ESPN App Could Steal Your Enterprise Data
By Lori Castle, Editor in Chief
With somewhere between 10 and 50 million downloads in the Google Play store alone, and with 39% of the U.S
. workforce being mobile, chances are the ESPN ScoreCenter app is running on a large majority of your own workforces’ devices if you support BYOD.
Zscaler, using its own Zscaler Application Profiler (ZAP), an online tool to assess mobile apps for security risks, discovered that the app had significant security vulnerabilities that could compromise users’ mobile devices, including the threat of data theft.
The flaws in the ScoreCenter app, according the Zscaler blog, were fixed by ESPN the day after they were originally reported, but this is just one of millions of consumer apps, which highlight a growing problem for the enterprise. The BYOD culture is evolving into a BYOA(pps) culture and consumer-grade mobile apps with only limited security measures are finding their way into the business.
ZAP lets users search the name of any iOS or Android app, and receive an instant assessment of its security and privacy risks, along with an overall risk score. The solution can also scan traffic from an app installed on their device to see whether data is being exposed.
"It's important to remember that many mobile apps are not native applications— they’re essentially web pages displayed in a WebView control, or even just web content mixed in with native controls," said Michael Sutton, VP, security research, Zscaler ThreatLabZ. "As such, vulnerabilities common to web applications can also occur in mobile apps. Users should be aware that such vulnerabilities in mobile apps often remain hidden, as apps don’t have the same visual indicators to show that data is being sent insecurely."
The native versus hybrid versus HTML5
discussion is ongoing in the enterprise for not just UX, but security as well. And, while many companies are turning to MEAPs
to better enable secure development, that doesn’t help with BYOA.
Greater App Risk through Device Choice
There’s not much argument about which device causes the largest risk to the corporate environment because of the way app development is handled. Plus, there are reportedly more than 100,000 (depending on the source) hacked versions of apps available in the Google Play Store.
Jeff Koonce, IT infrastructure manager for Our Kids of Miami-Dade, FL, and contributing editor for Mobile Enterprise,
"Even though Android devices have made a huge impact in the consumer market, it is still the lowest rated enterprise
device when it comes to levels of security and manageability."
Kapersky Labs reported that cybercriminals are focusing
primarily on the Android platform, and considering that Samsung devices recently overtook
Nokia and caught up to Apple in the global market, this risk is only growing.

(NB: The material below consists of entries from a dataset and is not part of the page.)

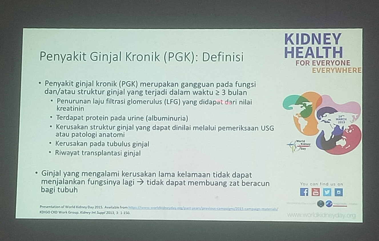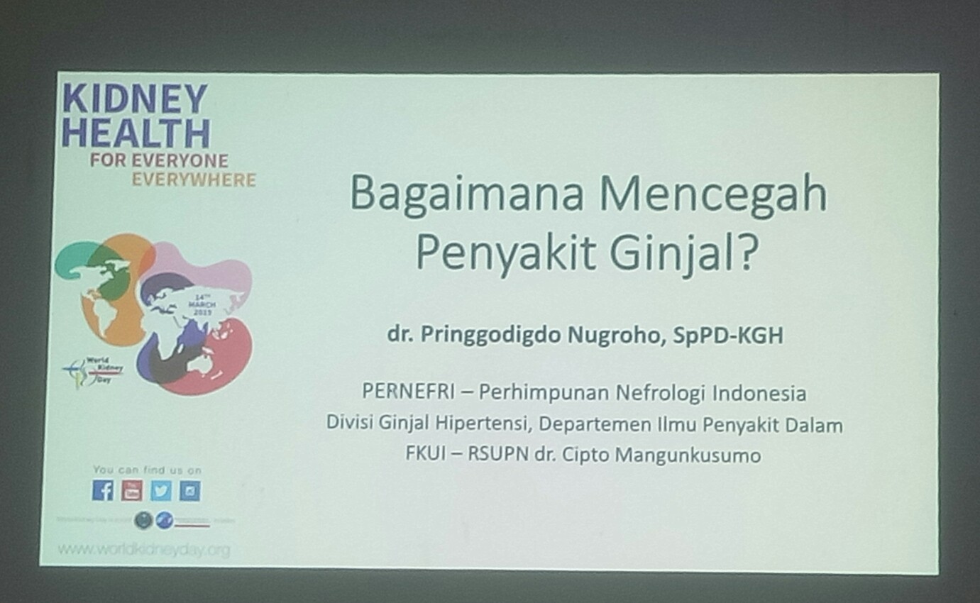 Dalam kesempatan tersebut hadir dr. Pringgodigdo yang menjelaskan mengenai penyakit ginjal kronis. Menurut dr. Pringgodigdo, ada beberapa faktor resiko penyakit ginjal kronis, yaitu:
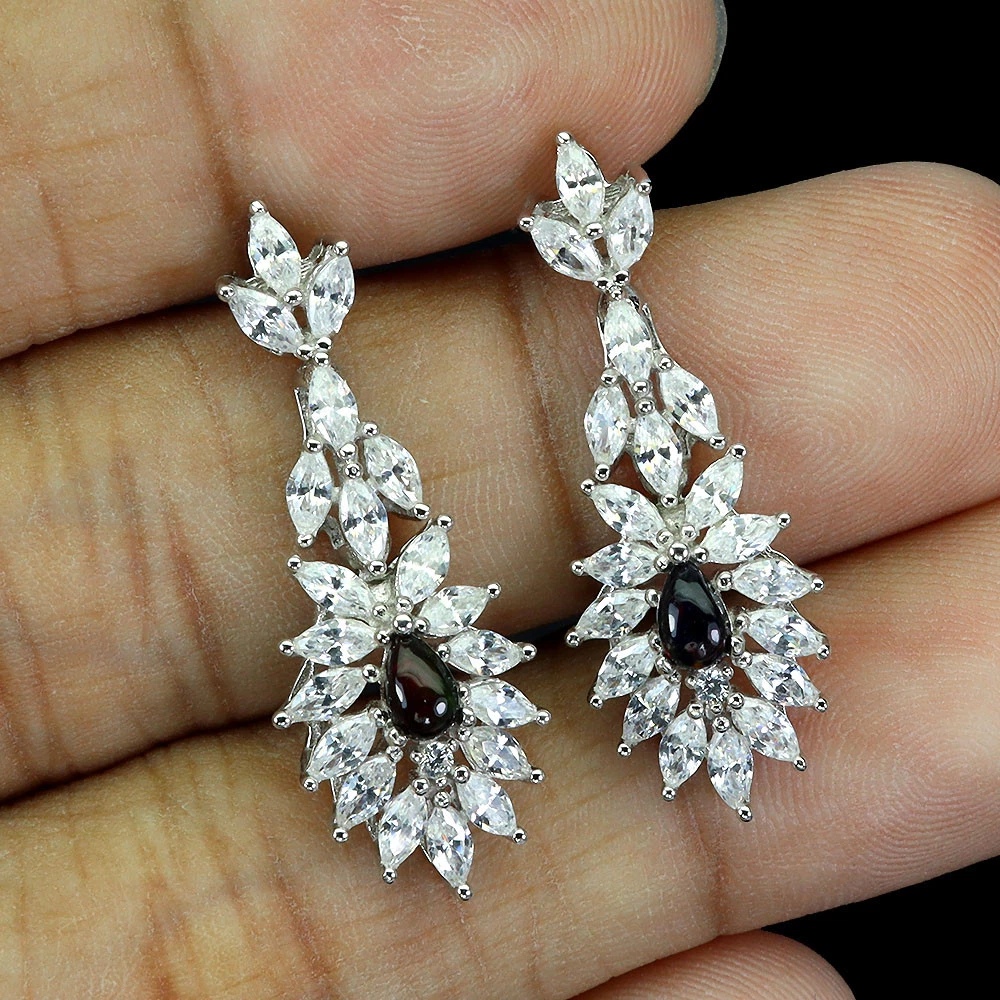 Valentine 925 Silver Earrings Pear Black Opal Natural Gemstone Jewelry
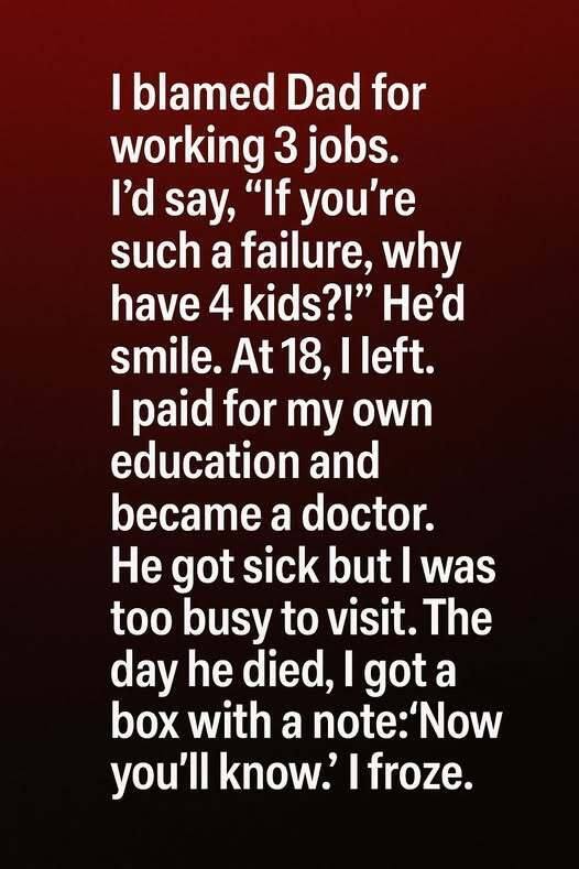 Every memory I had of him stumbling through the door late, eating reheated leftovers standing at the counter, falling asleep in his chair before asking about school—it all shifted. I remembered thinking he didn’t want to be around us, that he didn’t care. But the truth was sitting there in ink: he cared so much he sacrificed pieces of himself to make sure we never saw how heavy the load was.
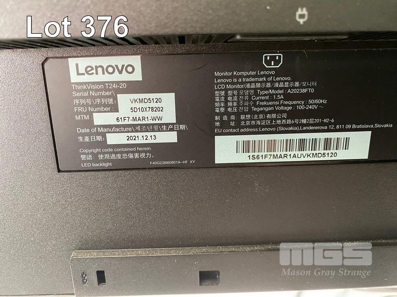 MONITOR, LENOVO THINKVISION T24i-20 23.8" IPS FHD LED WIDESCREEN, HDMI, DISPLAYPORT, VGA (WITH CABLES) (NO HDMI CABLE) S/N:1S61F7MAR1AUVKMD5120
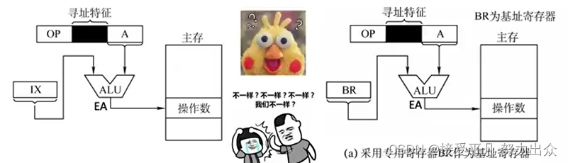 注:变址寄存器是面向用户的,在程序执行过程中,变址寄存器的内容可由用户改变(IX作为偏移量),形式地址A不变(作为基地址)。

And, despite the notion that Apple is totally safe, jailbroken devices notwithstanding, according to a CNN
report, Apple’s bid for the enterprise and an iOS update resulted in “more robust security features,” but also unintentionally may have apps developers going softer on security. Instead, they rely on Apple for protection.

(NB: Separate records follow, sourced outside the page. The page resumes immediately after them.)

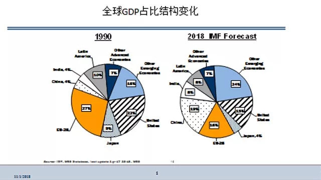 2008年到今年十年间,2018年是全球经济增长速度的最高峰,今后两三年经济增长速度会逐渐下滑,这是一个特别重要的概念。
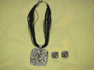 комплект серьги+кулон на декоративном шнуре - отдам за 100 руб.. новое
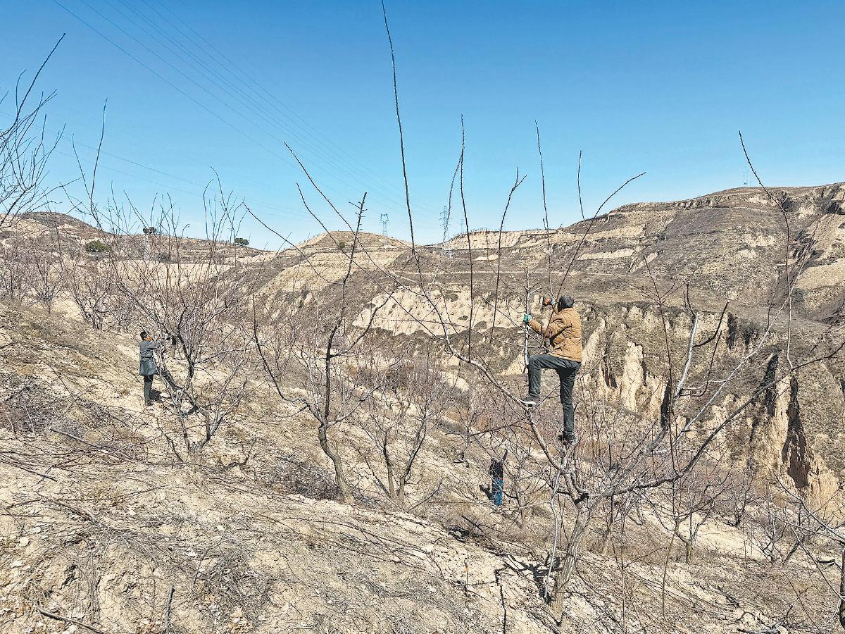 近日,在清涧县宽州镇乐堂堡村的红梅杏基地,果农们正抢抓农时修剪杏树枝条。

Contain, Manage or Develop?
Because there is not one type of mobile environment, there is not just one answer for handling the issues that come with the BYOA trend, and none of the answers are simple.
A black and white choice, or more like back and forth, is that of containerization. There are many options available and the solution is layered on the device to enable total separation between work and personal. It does, however, affect the UX, which can, in turn, affect productivity.
The new BlackBerry 10
has containerization built in to the device and touts the optimal UX. Active sync connects basic policies in a non-BlackBerry Enterprise Server (BES) Exchange environment, but when it comes to optimal "container" functionality, it's all about BlackBerry Balance, which can only be fully leveraged through a BES.

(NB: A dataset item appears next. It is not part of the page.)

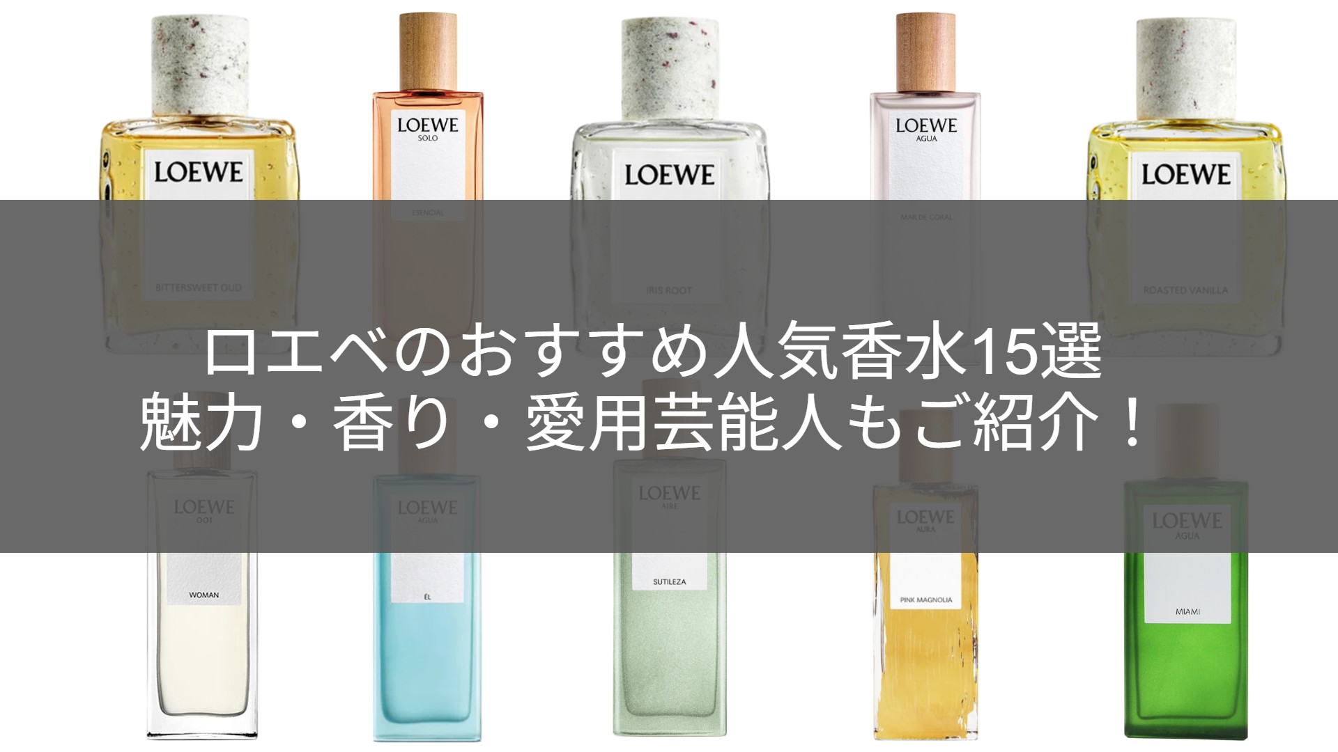 洗練されたデザインと高品質なレザー製品で知られるスペイン発のラグジュアリーブランド、ロエベ(LOEWE)。実は、バッグや財布だけでなく、フレグランスコレクションも豊富に取り扱いがあり、近年で注目を集めています。ハイブランドでありながら日常使いしやすい香りのバランス、ジェンダーレスに使える実用性、そして高級感のあるボトルデザインが人気の理由です。 今回の記事では、ロエベ香水の歴史から魅力、人気香水15選、愛用している芸能人まで徹底解説しています。もし「ロエベの香水が気になっている」「ロエベで香水を探している」なら、ぜひ本記事を参考になさってください。 1.ロエベ(LOEWE)香水の歴史 出典:LOEWE Perfumes ロエベの香水は、革製品で培った感性を香りへと昇華させながら進化してきました。誕生から現在まで、ブランドの世界観と密接に関わりながら多くの名作が生まれています。ここでは、ロエベ香水がどのように形づくられてきたのか、歴史をたどります。 1-1.香水事業への参入 ロエベは1846年にスペイン・マドリードで誕生した老舗の革製品ブランド。現在では、「アマソナ」「パズルバッグ」などのアイコニックなバッグや革小物を始め、洋服や靴などのプレタポルテコレクションも人気を博しています。 香水の分野へ本格参入したのは、1970年代前半のこと。1972年にロエベは、ブランド初となるウィメンズフレグランス「L de Loewe」を発表しました。 「L de Loewe」は、ガルバナムやネロリによる鮮やかなグリーンのトップから始まり、ヒヤシンスやスズランが重なるクラシックなフローラルへと移ろう香り。ラストはレザーやオークモスが深みを与える、上質なグリーン・シプレー調が特徴で、当時のヨーロッパで高い評価を得ました。革の香りを想起させるようなレザーのニュアンスは、まさにロエベらしさを象徴しています。 これを機に、ロエベはフレグランス分野を本格的に拡大し、のちの「ソロ」や「アグア」などの人気シリーズへと繋がっていきます。 ロエベの香水は、レザー製品で培ったクラフトマンシップの精神を受け継ぎ、自然・アート・ボタニカルをキーワードに独自の世界観を構築してきました。 1-2.フレグランスラインの拡大 1970年代の香水事業参入後、ロエベは時代に合わせて独自のフレグランスラインを次々と拡大していきました。 1985年に登場した「アイレ(Aire)」は、清潔感と透明感を重視したフレッシュフローラルの香りで、ロエベ=軽やかで爽やかな香りというイメージを確立させました。 続く1987年の「エッセンシア・デ・ロエベ」は、スパイスとウッドが重なるエレガントで深みのある香りで、クラシックな男性像を体現するロングセラーに。 2004年には、香りのレイヤーが調和するバランスをテーマにした「ソロ(Solo)」が登場。知的でミニマルな香り構成が支持され、ブランドを代表する香りに。 そして2009年、自然の清らかさをボトルに閉じ込めたような「アグア(Agua)」シリーズが誕生。軽やかでみずみずしい香りは現代的な感性にマッチし、ユニセックスフレグランスの人気を後押ししました。 これらの名作を通してロエベは、クラシックからモダンまで幅広い香り表現を確立し、ブランドとしてのフレグランス領域を大きく広げていきます。 1-3.リニューアルによってさらに人気に 2013年にジョナサン・アンダーソンがクリエイティブ・ディレクターに就任して以降、ロエベのフレグランスは大きな転換期を迎えます。ブランドのビジュアルやロゴ、ボトルデザインが大胆にリニューアルされ、モダンアートのようなデザインに。若い世代を中心に一気に認知が広がりました。 その象徴的存在が2016年に登場した「001」シリーズ。ウーマンとマンの2本が補い合うように作られた香りは、ミニマルで清潔感がありながら、肌に溶け込むようなニュアンスが特徴。ジェンダーレスな時代性とも重なり、ロエベ香水の新たな代表作として人気を確立しました。 2021年には「ボタニカルレインボー」コレクションを発表。自然からインスピレーションを得た、「アグア(Agua)」や「ソロ(Solo)」など、全9種のフレグランス・ファミリーから成るコレクションです。名前のとおり、虹のようなカラフルなボトルが印象的なフレグランスラインで、ロエベが掲げる「自然との調和」というテーマを視覚的に表現したもの。色鮮やかなボトルとユニセックスな香りがブランドの新しい象徴として世界中で人気を集めています。 こうしたリニューアルにより、ロエベの香水はクラシックな名作を持ちながら、今もっとも勢いのあるラグジュアリーフレグランスとして再評価される存在となりました。 2.ロエベ香水の特徴や魅力 出典:LOEWE Perfumes ロエベの香水は、ほかにはない「自然」と「アート」の共存が魅力です。香りの構成だけでなく、ボトルやコンセプトにもブランド哲学が反映されています。ここでは、ロエベの香水の特徴や魅力について解説します。 2-1.ロエベ専属の

"Activating a BlackBerry 10 smartphone against BlackBerry Enterprise Service 10 will provision the workspace and enable BlackBerry Balance," Jeff Holleran, senior director, enterprise product management for RIM explains. It provides total separation of work and personal, and full enterprise control to manage and wipe the work side of the device.
Mobile application management (MAM) is meant to handle enterprise apps. 451 Research in its "Mobile Management Disorder" report offers this recommendation: "Apps in public app stores cannot be fully managed using MAM, which focuses on distribution of applications and managing their use, licensing, policies and removal. Security and management policies can be added, particularly where app developers have not provided this capability to their app natively. The policies include encryption of data, preventing the
cutting or copying of data, use of app-level VPNs, and checks for device integrity."
Corporate usage policies should also clearly cover consumer apps at work. And blacklisting apps can help as well. Make sure to communicate these policies and put them in a place easily accessible to mobile workers.
It’s possible the enterprise could at least curb the BYOA trend by developing the apps "prosumers" are downloading to help them work better. There will still be the occasional sports, shopping or gaming app, but at least corporate data will not intentionally be flowing through these.
There’s plenty of research
showing that companies are planning to increase the amount of apps they offer, but, enterprise apps are developed at a slower pace than their consumer counterparts, due, in part, to security requirements.
Mobile security in general is a top priority this year for a majority of companies, and they will need to make sure BYOA is a part of this focus.